Talking about the Great American Novel, by the way, I cannot understand how anyone not completely insane could ever think it was a good idea to set Moby Dick as high school reading. Large parts of the text are plotless meditations on whales, their history, biology and mythology, and the parts that are actually about moody Ahab and his Great White Whale nemesis are so heavy with intense Biblical references that the average page needs to be glossed five times. Your typical teenage reader is going to have jumped ship by page twenty. Moby Dick is the kind of book you need to come to on your own, and read it because you want to. If you do that, it's a delightful Victorian curiosity cabinet of a novel with some startlingly good writing hiding inside it. There's a scene where Melville's describing the ship setting light to excess bits of whale as it sails along in the dark: the ship is burning and it's making the sea burn and the whole thing looks like it just got thrown up from hell. It's an absolutely great description, and, like his hilarious cetology, totally unexpected.

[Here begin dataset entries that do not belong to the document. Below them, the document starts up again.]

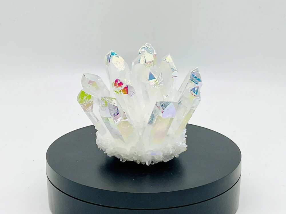 Dodejte svému domovu nádech mystiky s tímto krystalů Angel Aura křemene.Jedinečná a složitá forma křišťálového shluku z něj dělá poutavý kousek, který doplní každou místnost ve vašem domě. Tento přírodní minerál je ideální pro sběratele nebo jako promyšlený dárek pro každého, kdo oceňuje krásu krystalů
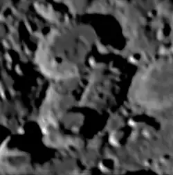 Heraclitus is a complex lunar impact crater that lies in the rugged southern highlands of the Moon. The crater Licetus forms the northern end of the formation. Just to the east is Cuvier, and due south is Lilius. Just to the west of Heraclitus is the small satellite crater Heraclitus K, to the south of which is a pair of larger overlapping craters, Lilius E and Lilius D.[1]
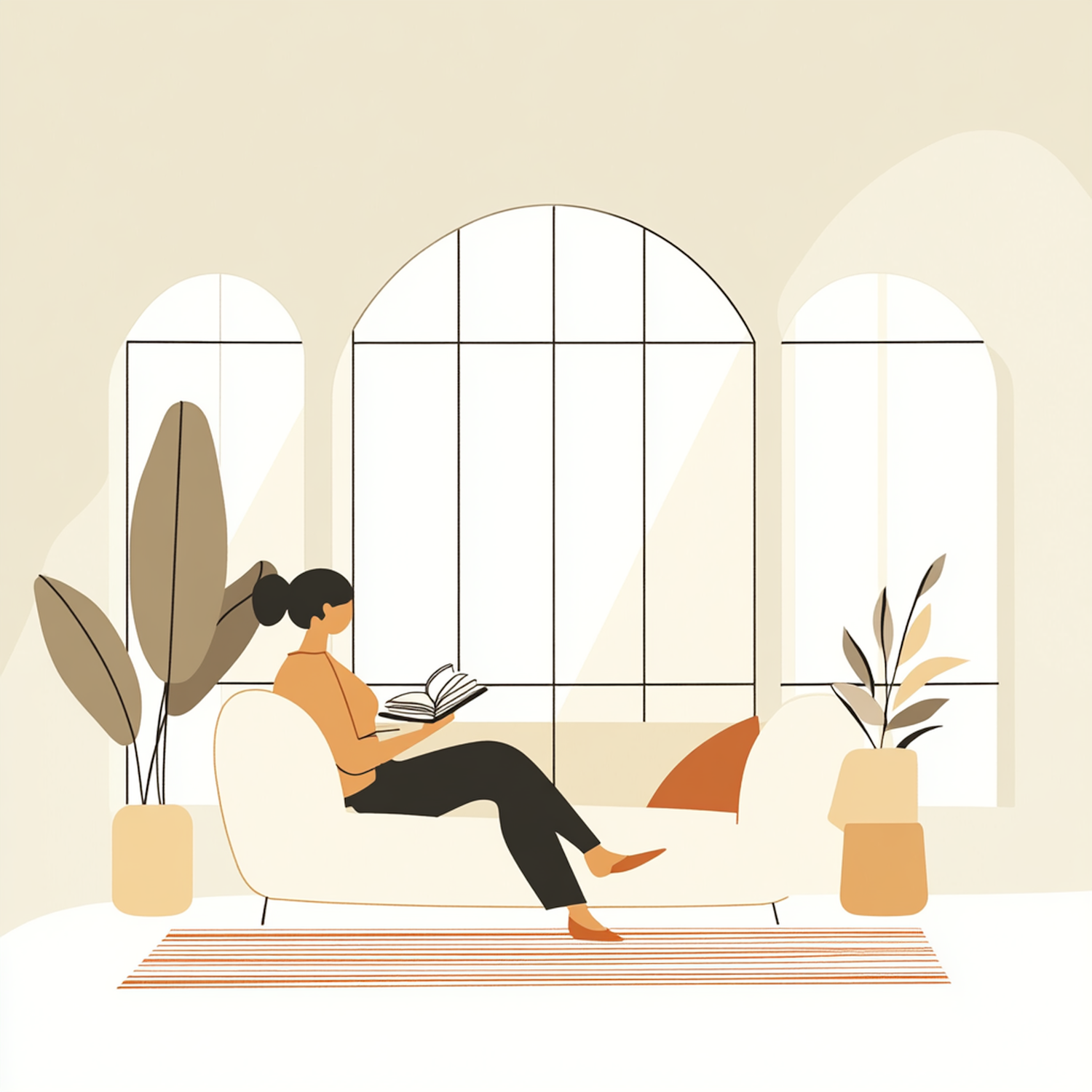 Minimalist illustration of a woman reading on a sofa, surrounded by plants and large windows, in warm, neutral tones.

In fact, I'd have to say that I think Melville is the better writer of the two. Mieville has a cracker of a plot, and an exceptionally vivid writing style, but at the same time it feels a bit chaotic and unchained, all his mad descriptions and ideas pinwheeling about with not much focus. Melville handles delicate and serious just as well as he does crazy and bold, and as a result Moby Dick is less of an exhausting adrenalin rush and more of a stunning piece of artistry.
Both Kraken and Moby Dick are exciting and extremely fun - unexpectedly so in the case of Moby Dick. I'd certainly recommend them both, and I definitely enjoyed reading them, but even though I'd far and away prefer to hang out with Mieville the person, I think Moby Dick might just have the edge on its opponent in terms of sheer textual excellence.
RED: 4 stars
BLUE: 3.5 stars
AND SO RED WINS IT. I know, I was shocked too.